Team supervision, training and role in broader coordination of community-based teams/activities

  • Supervising the CE/HP team and their activities, in and outside health facilities, reporting difficulties and progress as well as adapting format and content when necessary in close collaboration with medical and logistical teams (depending on the content). Planning and supervising the HR associated processes (recruitment, training, evaluation, development and internal communication) of the CE / HP staff of the project.

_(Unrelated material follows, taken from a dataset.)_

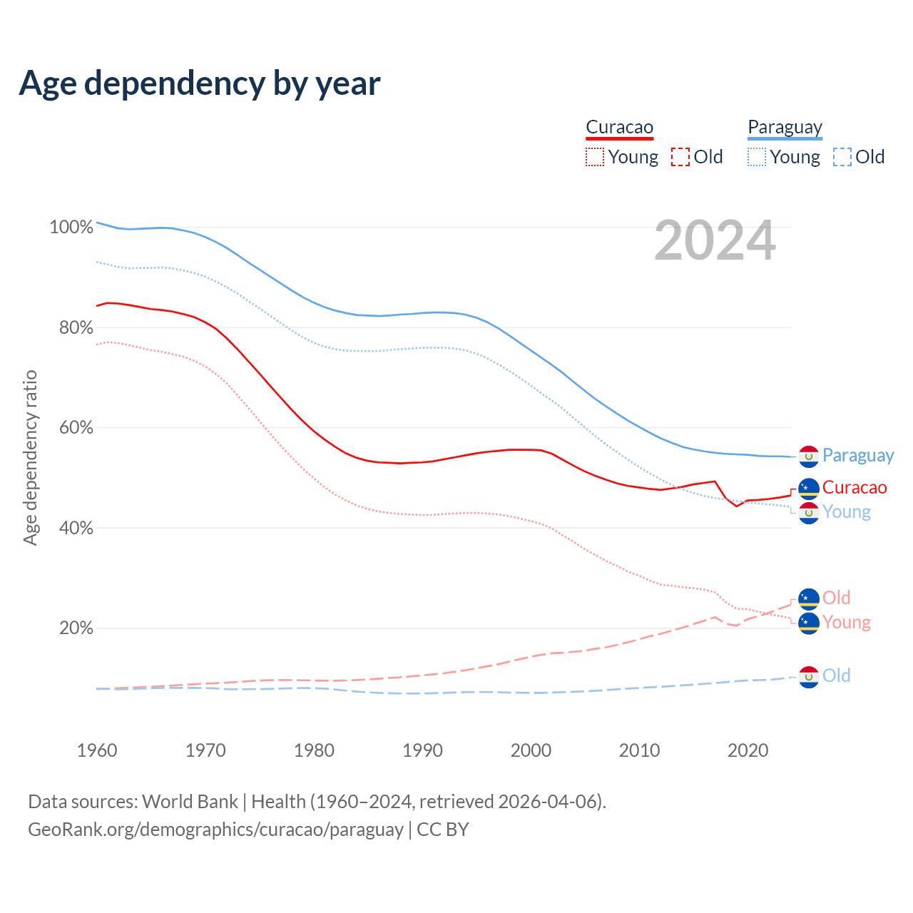 - Curacao is ranked 49/196 by median age (oldest to youngest) vs 118/196 for Paraguay.

This will be done in close coordination with the HR department, the administration manager, PMR and project coordinator and according to MSF vision, values and procedures.
  • Regular training/coaching of MSF teams (and where relevant also MoH staff) on community/patient engagement to integrate the PCA approach transversally in all positions (the curiosity, the empathy, the listening, the accountability, etc.).
  • Proactively contribute to the coordination of all community-based teams to maximize synergies, avoid duplication, improve duty of care and simplify management (even if individual team members are hierarchically under different activity managers/coordinators).

On request

  • Participate in field assessments or exploratory missions (focus on understanding the consequences of the crisis on the population, their priorities and preferences as well as strengths and coping mechanisms).
  • Identify factors of vulnerability and how they affect different segments of the community.
  • Identify and address barriers of access of all segments of the community to MSF services (in terms of ethnicity, religion, gender, age, various vulnerabilities, etc.).
  • Further the understanding of community dynamics, health seeking behaviour, cultural practices, demographic and geographic specificities, and how the crisis is impacting the population.

Qualifications

  • Either (1) a university degree in social sciences, social communication, health promotion or related studies, or (2) sufficient relevant work experience to develop the necessary expertise to fulfill the role (which would include community engagement and/or project management experience)
  • Essential, working experience of in related jobs (community engagement, project coordination, social research)
  • Demonstrable background in the development of strategies and workplans.
  • Demonstrable experience in use of participatory methods/approach
  • Experience in management of teams as well as remote supervision
  • Experience in quantitative and qualitative data analysis

​Language

  • Mission Language essential; Local Working Language Desirable

Knowledge

  • Essential computer literacy (word, excel and internet)

Competencies

  • Commitment to MSF Principles L3
  • Service orientation L3
  • Cross-cultural awareness L3
  • Planning and organizing L3
  • Behavioural Flexibility L3
  • Results and Quality Orientation L3
  • Writing, presentation and facilitation L3
  • Teamwork and Cooperation L3
  • People Management and Development L2
  • Security awareness and management L2

Information

The protection of your personal data is important to MSF. By submitting your application, you consent to MSF using your personal data only for the recruitment process to have all the information and documents necessary to proceed with the recruitment, validation of your application and selection of the most suitable candidate. Your personal data will be treated confidentially. MSF will not use your personal data in any other way not foreseen for purposes of recruitment.

MSF is an equal-opportunity employer and does not charge any application/ recruitment fee. Women and persons with disability are encouraged to apply.